» **Work required**
Apart from the pictures, everything in the lines below must be printed exactly.

» **Material to process**

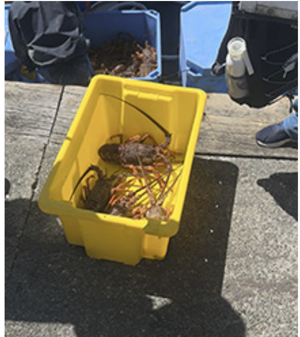
Mud Bugs at Akaroa
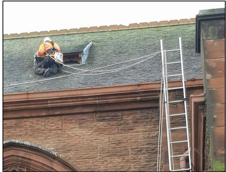
(Left) Steeplejacks' ladder (Above) Painting the vents. A good head for heights is required!

In addition, we decided to address our pigeon problem - droppings have been building up on some of our windows and other ledges and this is slowly damaging the stonework as well as being a potential health risk to us. We decided to fit bird spikes to the worst affected areas as a deterrent. Airtex also cleaned off the droppings, being careful to avoid damaging the sandstone.
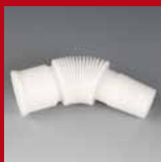
Page 152: Bellows
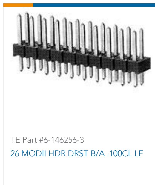
TE Part #6-146256-3 26 MODII HDR DRST B/A .100CL LF
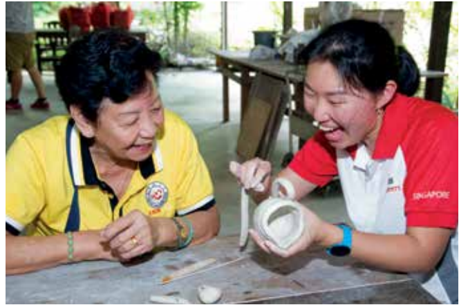
Keppel Volunteers and elderly beneficiaries cultivated creative skills and friendship at a ceramic workshop

The blood donation drive spanned five days and five locations, including new outreach venues such as Arcadia Lodge.
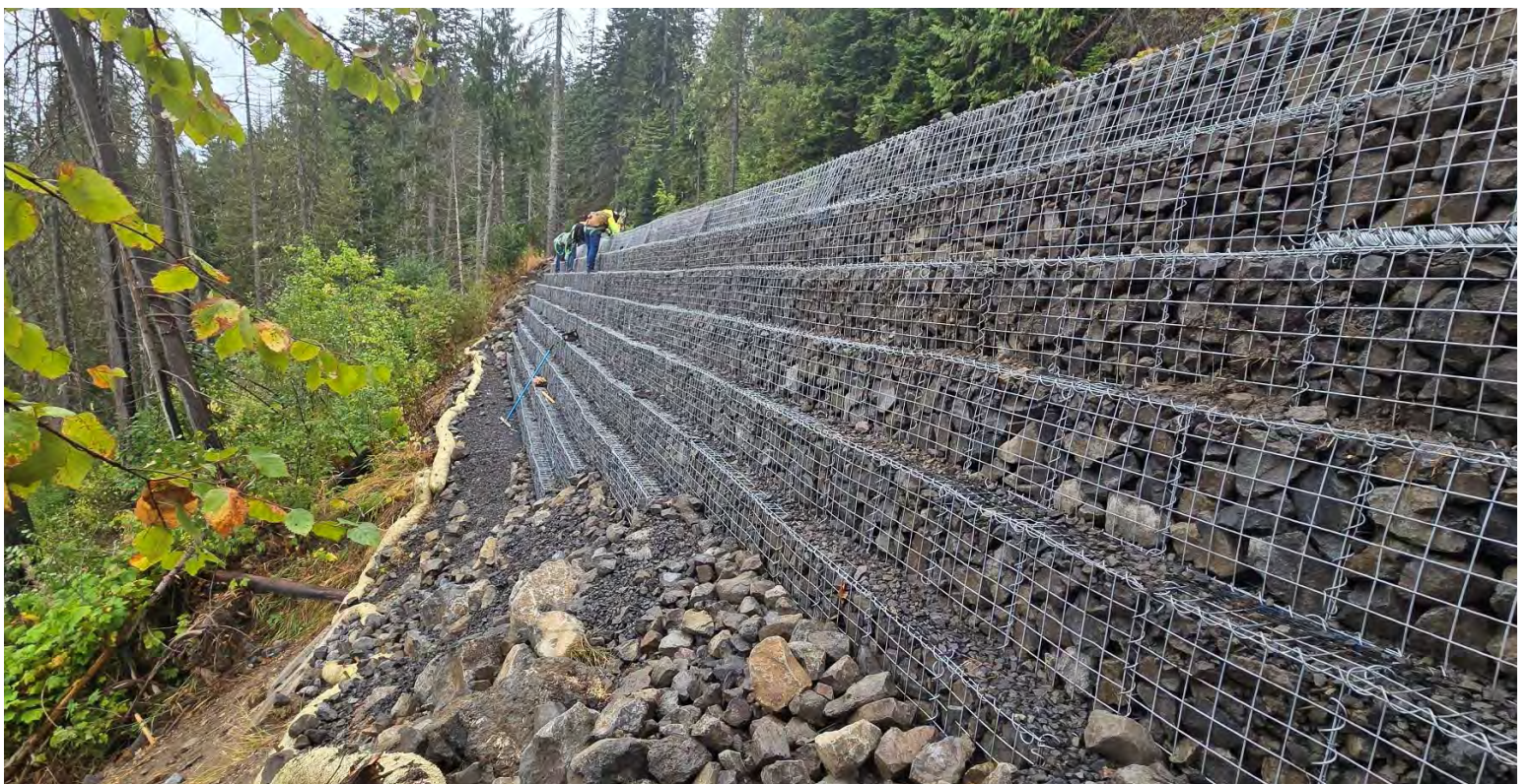
RSS wall construction, M.P. 2.52 FSR 470

» **Solution**
Mud Bugs at Akaroa
(Left) Steeplejacks' ladder (Above) Painting the vents. A good head for heights is required!

In addition, we decided to address our pigeon problem - droppings have been building up on some of our windows and other ledges and this is slowly damaging the stonework as well as being a potential health risk to us. We decided to fit bird spikes to the worst affected areas as a deterrent. Airtex also cleaned off the droppings, being careful to avoid damaging the sandstone.
Page 152: Bellows
TE Part #6-146256-3 26 MODII HDR DRST B/A .100CL LF
Keppel Volunteers and elderly beneficiaries cultivated creative skills and friendship at a ceramic workshop

The blood donation drive spanned five days and five locations, including new outreach venues such as Arcadia Lodge.
RSS wall construction, M.P. 2.52 FSR 470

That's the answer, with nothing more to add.